The 3 Greenest Offices in America

In previous posts, we’ve shown you how to make your office greener, talked about how to choose environmentally-friendly office cubicle gifts, and even looked at an environmentally-oriented group that opted not to recycle its office furniture. Now, because it’s more fun to discuss possibilities, let’s talk about what some offices are already doing right. Here, in no particular order, are three U.S. companies that are already saving the planet.

1. IBM

IBM
This one shocked us, too. How can IBM, the company that’s synonymous in our minds with giant mega-computers and reams of old school printer paper, possibly be the greenest company of 2011? It turns out, the company has been way ahead of government requirements in terms of environmental policy and disclosure; for instance, they had requirements for underground storage containers in 1979, a full six years before the EPA demanded it.

2. Adobe Systems

adobesystems
Does your office engage in studies to determine whether or not it’s more wasteful to use one big container of creamer in the break room vs. many individual creamers? If not, quail before the mighty example of Adobe Systems, which takes its recycling very seriously. Their offices are also, of course, LEED-certified. In 2006, they were “the greenest corporate building on record in the United States,” according to CNN.

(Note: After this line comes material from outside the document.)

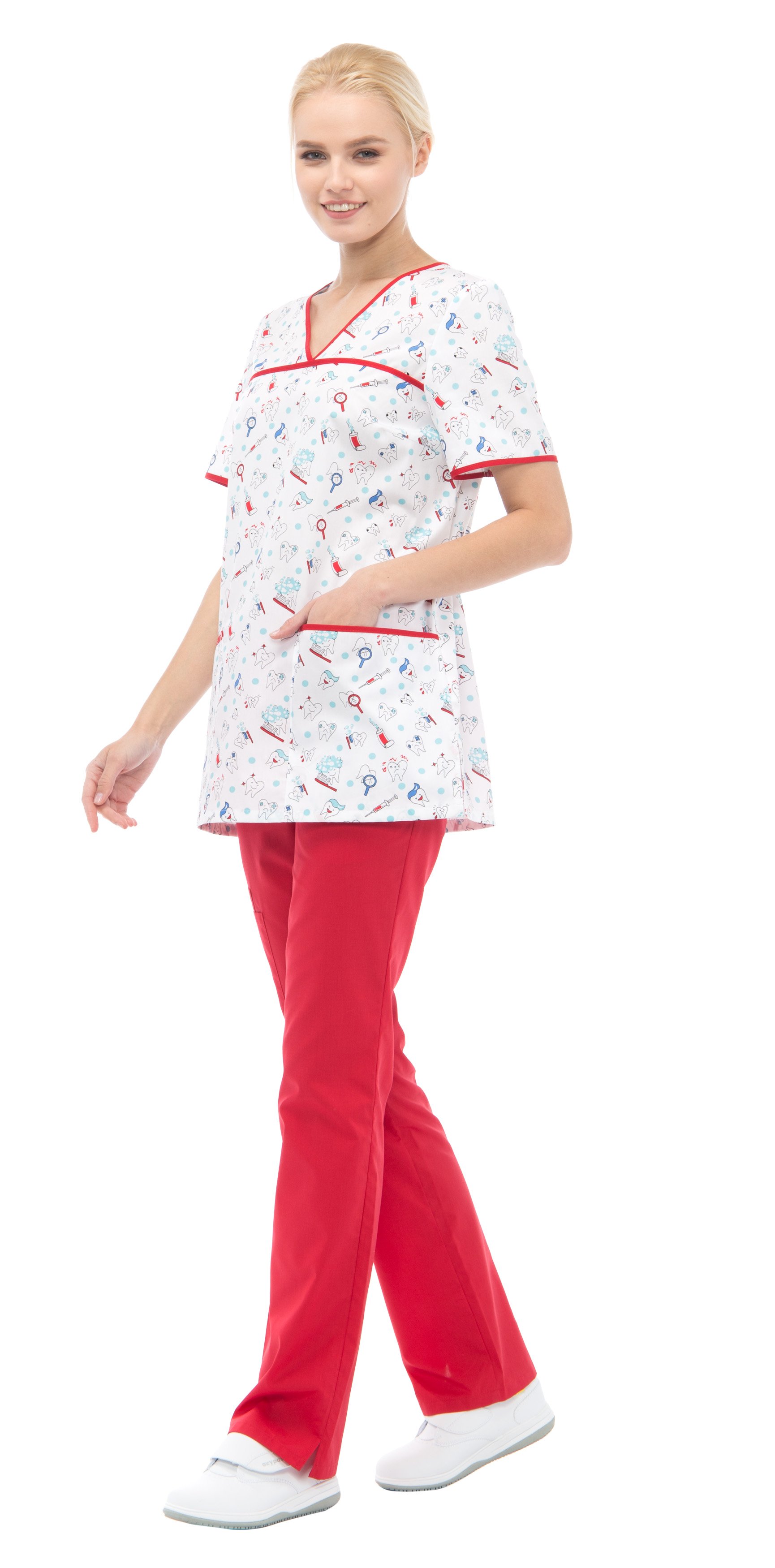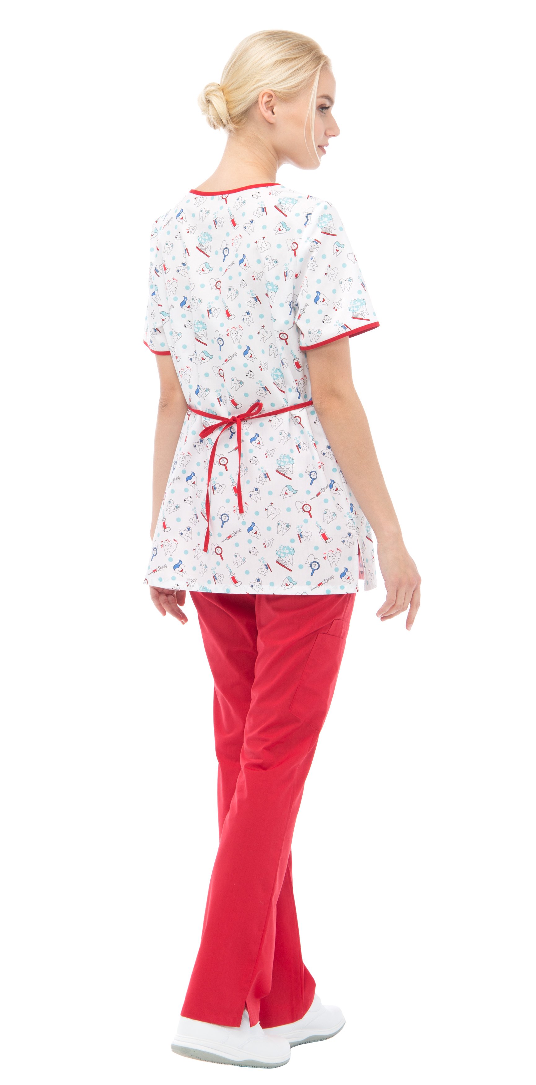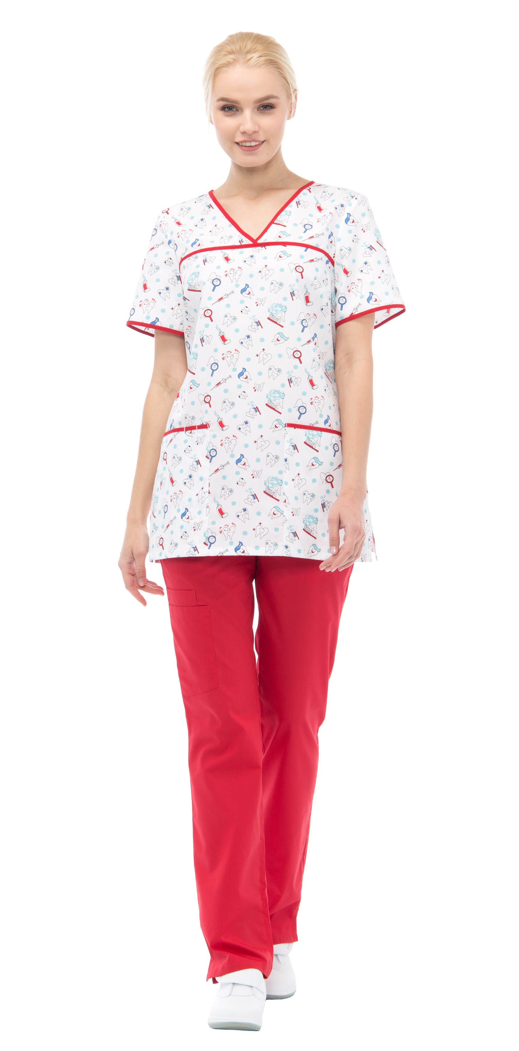Блуза прямого силуэта из принтованной ткани с V-образным вырезом горловины. По переду горизонтальная кокетка над грудью и накладные карманы с отделениями для ручек по низу. Спинка с завязками от боковых швов, из ткани отделки, для регулировки объема по талии. Рукава втачные короткие. По низу боковых швов блузы – разрезы. По горловине, кокетке, верху карманов и по низу рукавов окантовка из ткани отделки.

3. The National Renewable Energy Laboratory (NREL)

nrel
With a name like that, this unit of the U.S. Department of Energy better be pretty darn green. NREL has committed to building only sustainable green buildings. Their goal is to exceed gold level LEED certification. They’re also aiming for net zero — in this case, not an internet provider whose ads haunted your TV a few years back, but rather the state of not requiring any power at all from the grid. At which point, they will presumably solve world hunger and end war, too.